Not sure how all password managers are unreliable, and I especially don't see why all password managers would be more unreliable than for example pen+paper or just remembering passwords in your head.

[Donut417]

2 hours ago, Mark Kaine said:

what i find amusing, funny, weird (and ultimately irritating) is how they go from one key logger pass service to another saying its the best thing ever, not realizing that they're all the same, inherently unsecure, unreliable,  jank. 

 

 

Not all these services are the same however. While Bitwarden can store passwords on the cloud, which is how I currently use it. You can also store your password database locally.
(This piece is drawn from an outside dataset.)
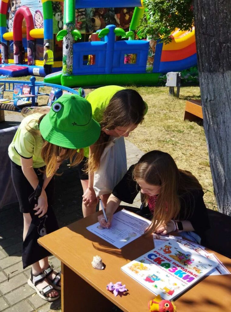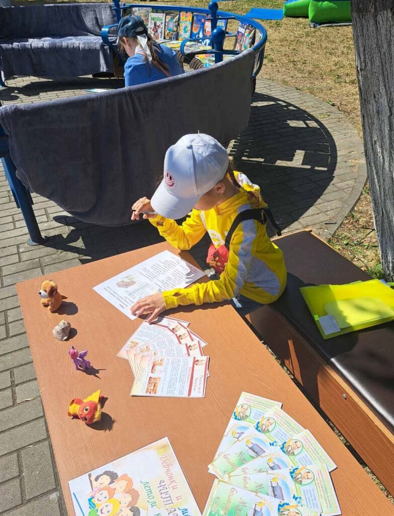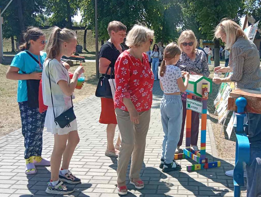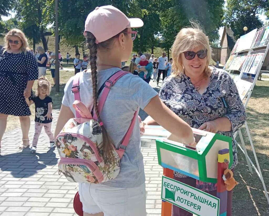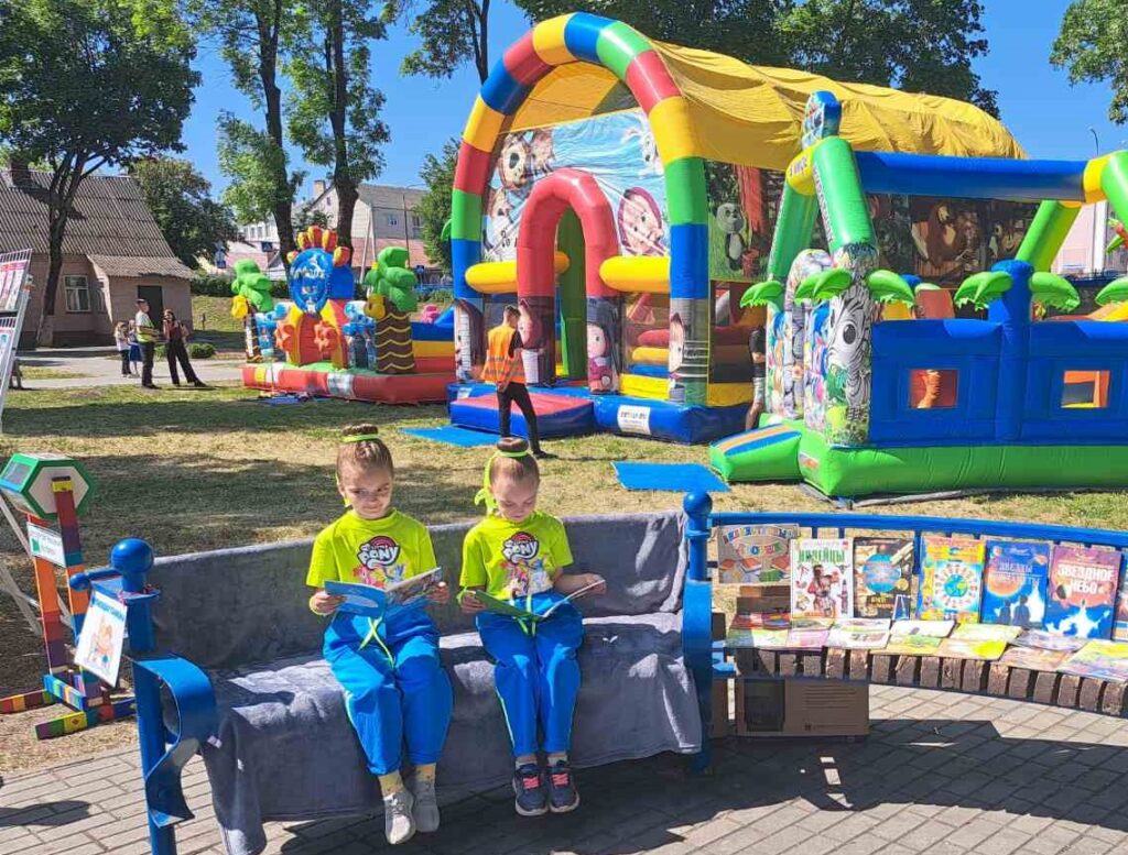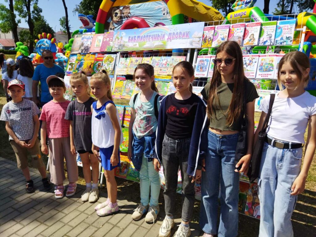 1 июня состоялся районный праздник, посвященный Дню защиты детей. Городские филиалы ГУК «Слонимская районная библиотека им. Я. Коласа» организовали в городском парке развлекательную площадку Библиотечный дворик «Книжная радуга планеты ДЕТСТВО» для всех желающих. Взрослые и дети смогли познакомиться с выставкой «Книжная радуга» филиала «Городская детская библиотека им. А. С. Пушкина», для любителей детской литературы организована «Читающая скамейка» с интересными книгами и журналами, работала беспроигрышная лотерея. Под кроной деревьев разместился «Уголок развлечений» с активными играми, а также с раскрасками, мозаиками, головоломками и интеллектуальными викторинами для ребят.

There are similar password managers that do this as well. The reason the Lastpass thing is so bad was because its a cloud based solution, also some people were down right dumb and stored their 2FA backup keys as well as other information in last pass. When I used Last Pass I never stored any other info besides my passwords, Name, Address and Phone number. My name, address and phone number have been leaked countless times by other hacks. 

 

To me the biggest take aways from this is cloud based password managers are probably a bad idea. Now hosting a pass word database locally is likely fine, because its not like the average hacker is going to hack in to a persons home network to get passwords when they can hack in to a corporate network and get accounts from many people at once. 

 

I for one am thinking about bringing my database local, maybe investing in to Yubikey's.  

[Dominik W]

On 1/15/2023 at 1:20 AM, Proud Cipher said:

In fact I've gone ahead and got a year of premium for Bitwarden. Transferring everything over from LastPass was extremely simple and the software and interfaces are pretty good, not quite as polished as LastPass though. The way it handles TOTP is a little jank.

When LastPass pulled their weird-ass "one device" policy for free accounts, I jumped ship over to Bitwarden and I haven't looked back. It works like a gem, and I can't recommend it enough. I'm glad you joined the club! (I use the free version)

[Godlygamer23]

4 hours ago, mr moose said:

And people laugh at me for using a pen and paper.  The term "putting all your eggs in one basket"  sounds fairly apt here.

At this point, I store most of my passwords on my iPhone in the Passwords section, as well as Cryptical, and my phone is set to automatically completely erase itself after around 10 attempts of trying to get into it. I have never used a password manager in my life lol.

[mononymous]

My LastPass subscription was ending in 2 months so I made the switch to Bitwarden. 

I would like to use an external key but I'm super forgetful with where I place my things. So I'm afraid I will lose it.

Wish there was a FIDO2 compliant bio implant on the market.